Thank you very much, Micheal, actually we are currently preparing the next version which comes with a ton of bugfixes and memory consumption polishing.
Most new features, tweakes and changes are actually implemented because of ideas from the community, coming in via here, email, Facebook messenger e.t.c. (and someone even found out my phone number, I am impressed).
And we are reading here and checking the the findings versus our own knowledge of the code and our own simulations. Actually, the current dice roll implementation has in our tests versus real dice simulations AND Riskodds website calculations never shown a difference beyond 0.X %.
But we are curious and more than happy to discuss, because we believe we are as close to the real thing as possible. Always willing to improve, though.
Best,
Ivan @ SMG
Aitch, I personally think SMG are doing a great job, over all the app is great (better than many out there) it just needs a little refinement but that's the way it goes in development, debugging takes most of the time, and everything can be improved. Furthermore, many "feature" requests are subjective at best and not every idea should be listened to, because it can break other things, etc. And in my experience they respond in a timely manner.
Wow, man you have no business on this forum being so negative. If you don't like the game, don't play it. Simple. I've seen nothing but positive comments here in the forums (until yours) and people usually make good points.
Why should they be responding to the forums anyways? If you have a bug or feature request, put in a ticket. The forums are for discussions and has little to do with reporting to SMG, getting feedback, or etc. I'm just going to chalk your comment up to to you not knowing how the website works. For future reference, again if you have a gripe, issue or bug to report, submit a ticket. Don't be a dick.
Dudes, the most important question is this...
Does anybody think SMG (Shockingly Mediocre Games!) gives a damn, and will try to fix the problems?
SMG can't even be bothered to reply to posters here ffs!
(Yet they have plenty of time to post nonsense on their facebook/twitter feed lol!)
All we can do is hope Hasbro dumps these losers, and gives the game to a professional company who know what they are doing... Amen!
Would love to see if you can. Back 2 years ago, if you did blitz with a large army against a somewhat large army, my device would freeze for about a second before the result came in. I ended up getting a more powerful tablet and it was better for still noticeable. My phone was the only device where it would not really do that. And then they changed the code to where it's not noticeable at all.

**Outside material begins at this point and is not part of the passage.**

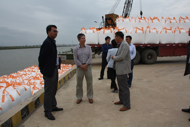 在五灌河碼頭現(xiàn)場,宵洋物流公司工人正忙于裝卸作業(yè),將車輛上化工產(chǎn)品噸袋物資吊裝下船艙,喻振東副局長一行首先到碼頭現(xiàn)場視察碼頭的生產(chǎn)建設情況,隨后到投資公司三樓會議室進行了座談。

I'm willing to bet that doing a million dice rolls didn't take long. There's no reason that true dice rolls should impact performance on any mobile device built in the last 20 years. I don't have the old code to look at, but I'm guessing their implementation was broken. Moving away from "true dice rolls" for performance reasons doesn't make sense.
I don't have time to mess around with the code right now but I'm 99% sure that I could modify the code to use true rolls for both normal and blitz attacks and the performance delta would be undetectable to a human.
Briand, I agree and it shouldn't be too hard to run the raw numbers and then compare that to a simple simulator ran over a few million outcomes. Not sure if I'll get to it right away but it's something I'd also be curious about.. to even see if our complaining is even valid LOL. But I suspect it is.
I'd love to know the difference of true odds vs their algorithm for these larger armies, mostly concerning average troops lost. How much worse does it look for the attacker as more and more troops exist?
Thanks SectaOne and Briand, I think the primary problem is described in Ryans post "If you were unlucky on the probability roll, the game forces a win and you lose a random number of troops." I might play around with the source, thanks for the link. That's good information to have. P.S. Briand, the way the game works has forced me to be somewhat of a conservative player as well.
Ryan's link was only a few posts ago. Here it is: https://www.reddit.com/r/Risk/comments/8rbgsy/deconstructed_the_official_android_version_how/
It doesn't give the actual code for legal reasons but has a very nice explanation of what he found.
I've played over 2500 games. I've seen plenty of less than 1% chance of happening happen. But being a conservative player, I don't often take the risk on it unless necessary, so it's not "often." But I see a lot of dumb wins to attacker or defender all the time, and don't question the code for those. Heavy weighted armies in blitz attacks are where I get most disgusted with this code. The giant attacking army can't lose, as in it literally has 0% chance of losing, but it could have a catastrophic loss on one attack. Some of those unlucky losses could seem normal though as it's random as to how many troops are lost. I don't like it.
Watch the phrase "it'll never happen", lol. You can't really tell me to do it if you don't do it yourself? Right!
I figured a reason such an algorithm would have been created, such as it is, would be to improve performance. Would you have link a breakdown of the code that "Ryan" posted? I'm relatively new to the forum and online game. I am a developer though. I do love the game, but obviously there's something wrong with the algorithm and it could be improved.. without costing tons of performance.
I can run the statistics, some of the things I've seen have less than a 1% chance of happening.